Recently there was a news story about a zebra in Africa who while crossing a river was attacked by an alligator. The alligator bit him and another was circling to take him down but the zebra refused to simply surrender and viciously bit back. Stunned, the alligator was disoriented for a moment which gave the zebra time to climb out of the river to safety. This was newsworthy because evidently animals don’t usually bite back at alligators when they are being attacked and generally just try to escape. But in this instance the zebra was having none of that and fought back to save its life. In our lives we may never be attacked by alligators but we probably will find ourselves in situations where we feel we’re being attacked by others. When that happens, just like that zebra, we have a choice to make. We can simply try to escape the attack or we can fight back. That doesn’t mean we have to bite anyone, but we can certainly stand up for ourselves and defend our positions.
There are all kinds of people in the world and throughout the course of our lives we will come into contact with a wide spectrum of personalities. Some people are nice, some not so nice, some polite, some rude – the varieties and expressions are endless. When we encounter someone who doesn’t like us or something we’ve done we may find ourselves in a situation where we feel we’re being attacked. If that happens, how we handle it will affect whatever comes after the issue has passed. If we run from the situation and try to ignore it we may not find a satisfactory resolution. If we react by maliciously fighting back we may impact the chance for a positive relationship. We don’t have to take any criticisms lying down. We can defend ourselves and our positions and we can do it in ways that enable us to go forward with confidence.
If we quietly listen when we are faced with a confrontation and allow the other person to completely state their feelings and concerns, even if they are wrong, it will open the door to communication. After the complaint has been clearly stated we may respond to the problem and explain whatever is needed to clear the air.
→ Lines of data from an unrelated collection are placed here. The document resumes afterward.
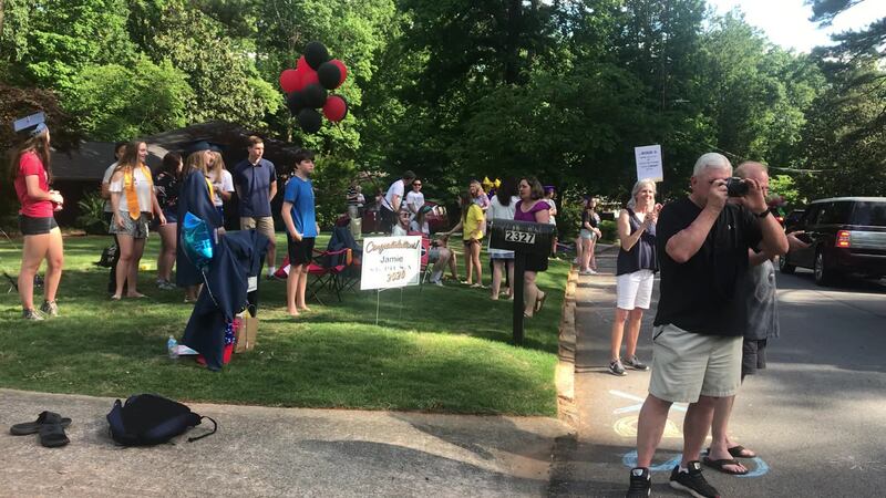 DEKALB COUNTY, Ga. — A metro Atlanta neighborhood with at least five 2020 graduates at two different schools found a heartfelt way to honor their big milestone with them Saturday.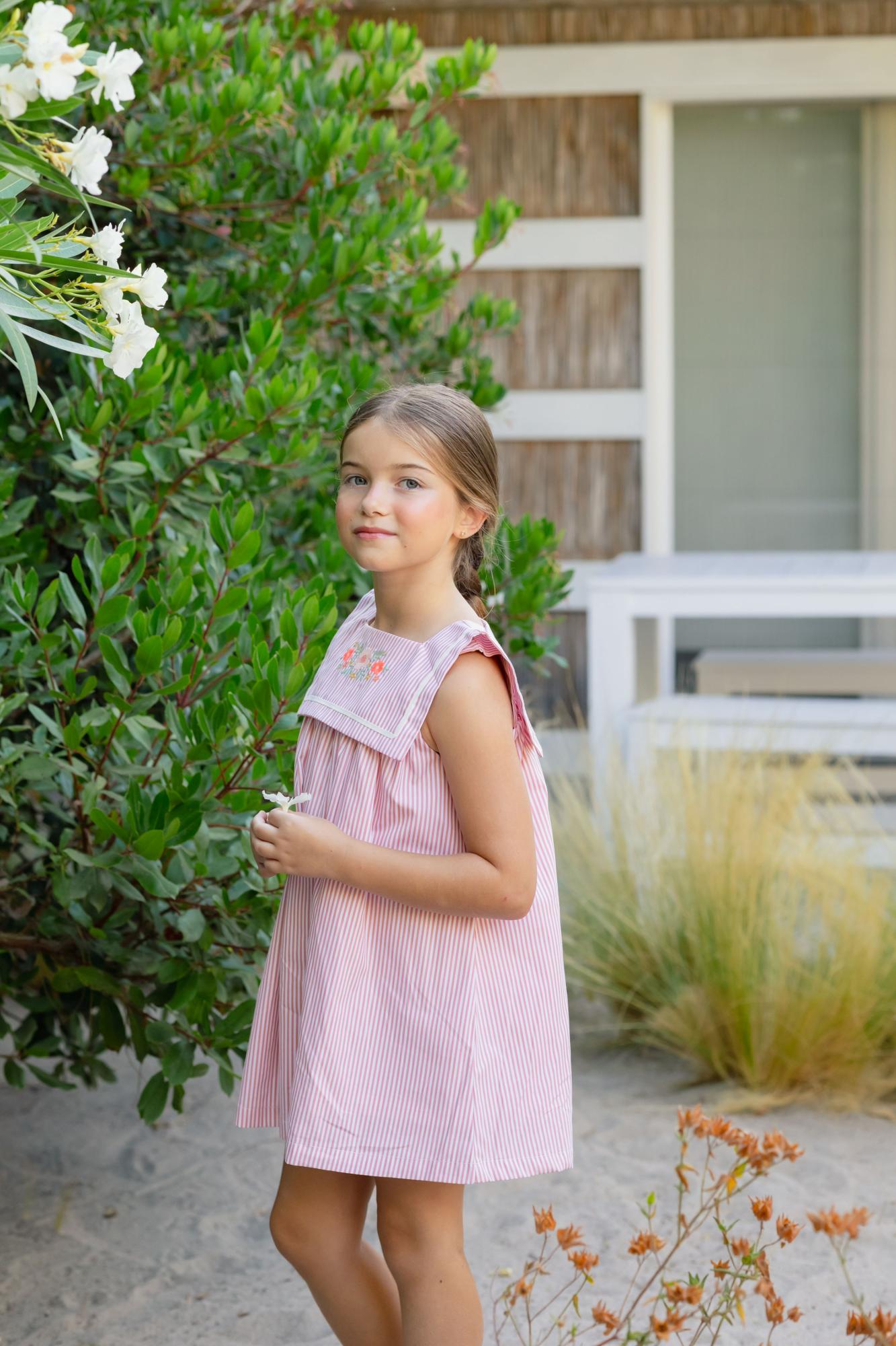LojaVestido Bordado Marinheiro Riscado Pink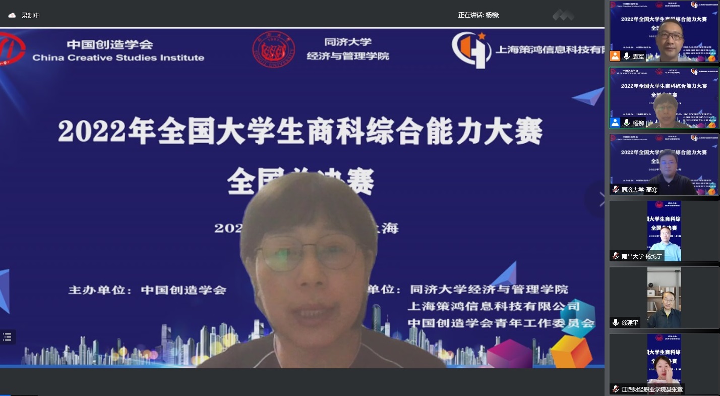 2022716日至17日由中国创造学会主办,同济大学经济与管理学院、上海策鸿信息科技有限公司、中国创造学会青年工作委员会承办的2022年全国大学生商科综合能力大赛全国总决赛在线上举行。Beat365官网商务系李佳林、路铂涵、李霄鹏组成的代表队,通过一天紧张激烈的比拼,以小组第一的成绩进入总决赛答辩环节,并最终荣获全国总决赛特等奖。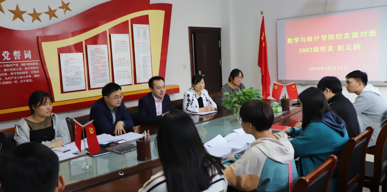 10月29日,我院2002级优秀校友彭义炳回校与老师同学交流经验,副书记洪亮和来交流的同学参加了此次交流会。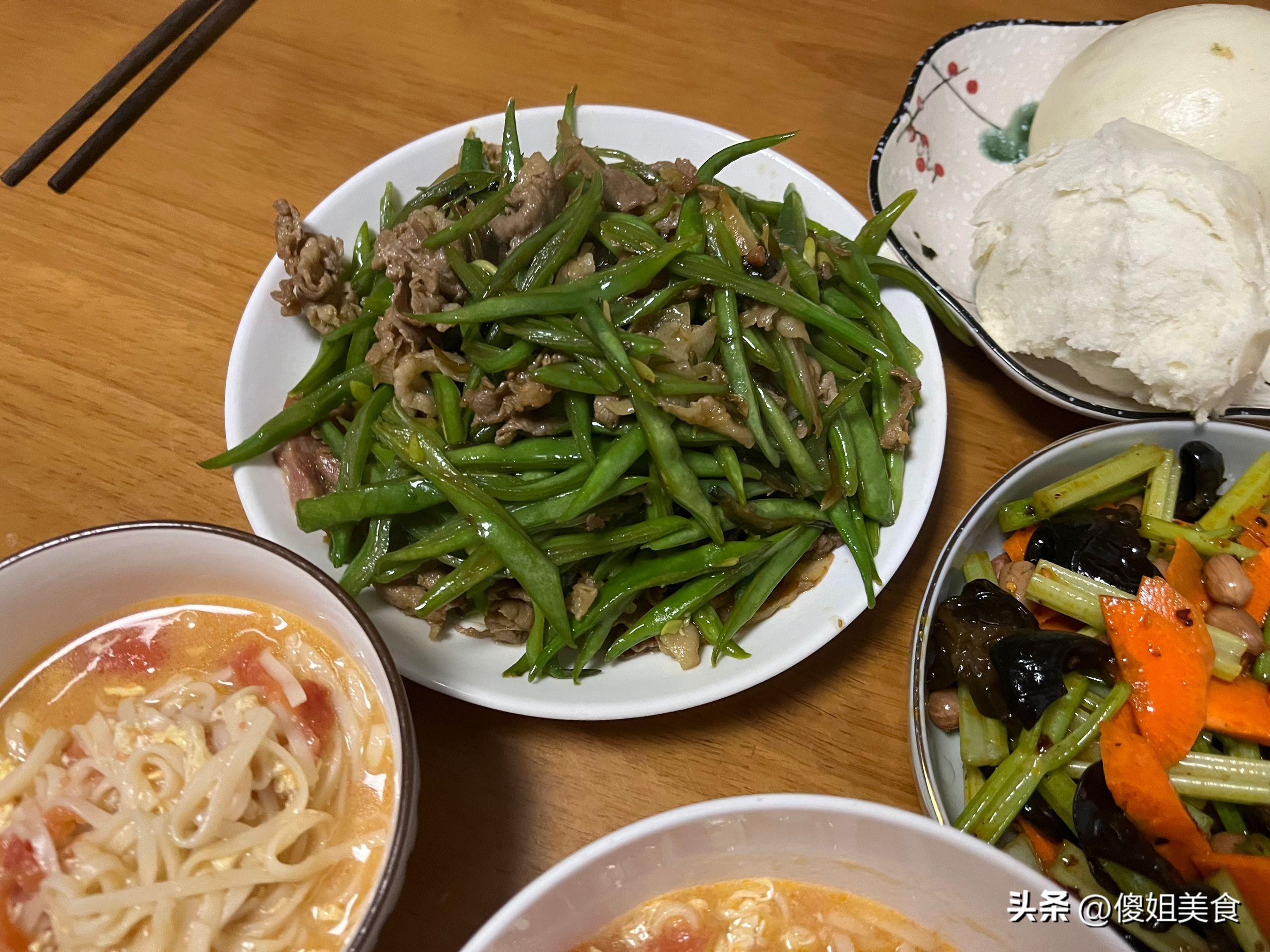 孩子每頓飯都要有個肉菜,回來的路上買了點豬瘦肉,順便買了點芸豆,芸豆炒肉很好喫。豬肉買回來後沖洗一下攥幹水分,改刀切成細長條,然後芸豆也切成細長條,炒之前用開水煮一下,去除豆腥味,炒的時候也好熟。然後先煸炒一下肉絲,倒入適量的味極鮮把豬肉煸炒上色,隨後把芸豆放入鍋中大火不停的翻炒,把芸豆炒至入味,關火盛入盆內。這份鮮美入味的芸豆炒肉兒子可沒少喫,光挑裏面的肉喫了。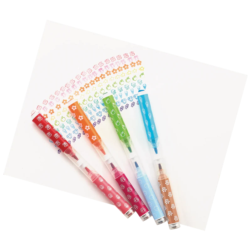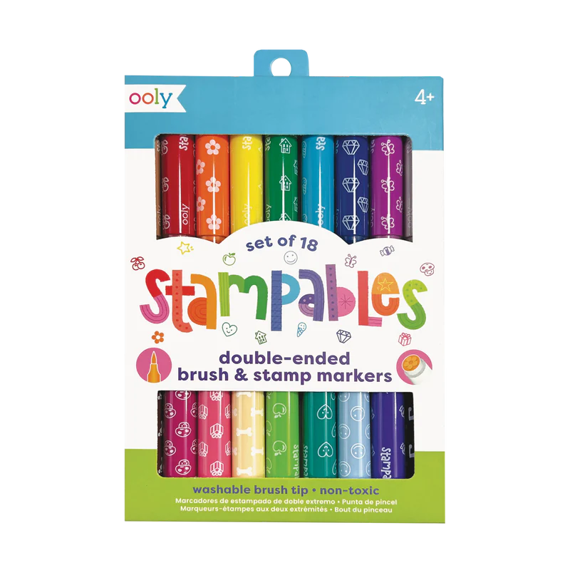 - Set of 18 markers with a brush tip on one end and a stamp on the other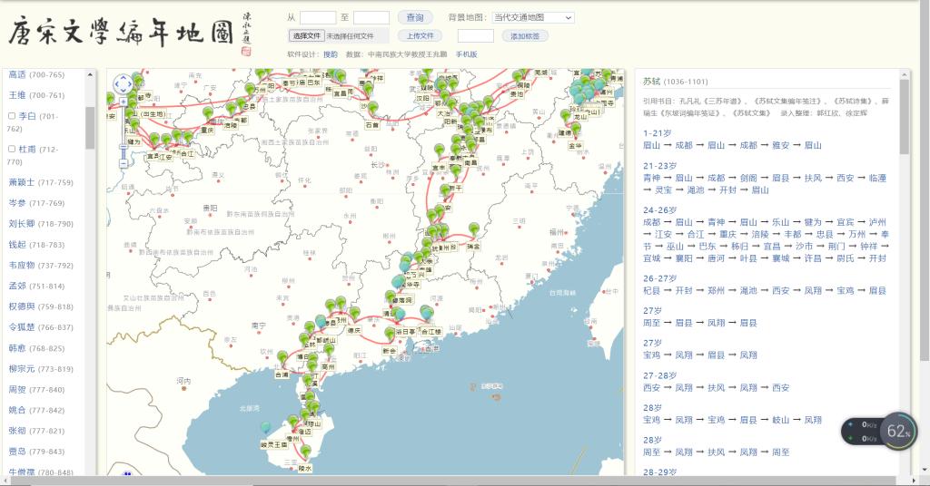 《唐宋文學編年地圖》軟件截圖。 實驗教學與實驗室管理中心供圖

Perhaps we’ve made a mistake and if so, we can recognize that. If the allegations are false and the attack unwarranted, we can explain our position. If we are patient and remain calm during the attack our “bite back” will be more effective in clearing the way to resolution. In all our dealings, resolving conflict will make the road forward easier than if we engage in an all-out battle of wills. Like the zebra, we don’t have to take any attack without responding. But if we respond with patience, and quietly explain our position, and if we maintain our personal control, we will move forward more effectively.
Today if you feel you’ve been attacked unfairly, take the time to listen to the issues carefully and respond patiently and calmly. Ask questions if you are unsure of the problem and explain your position. You are capable of managing any conflict that comes your way and resolving it. Choose the best road forward. Being the best you can be will pave the way for you.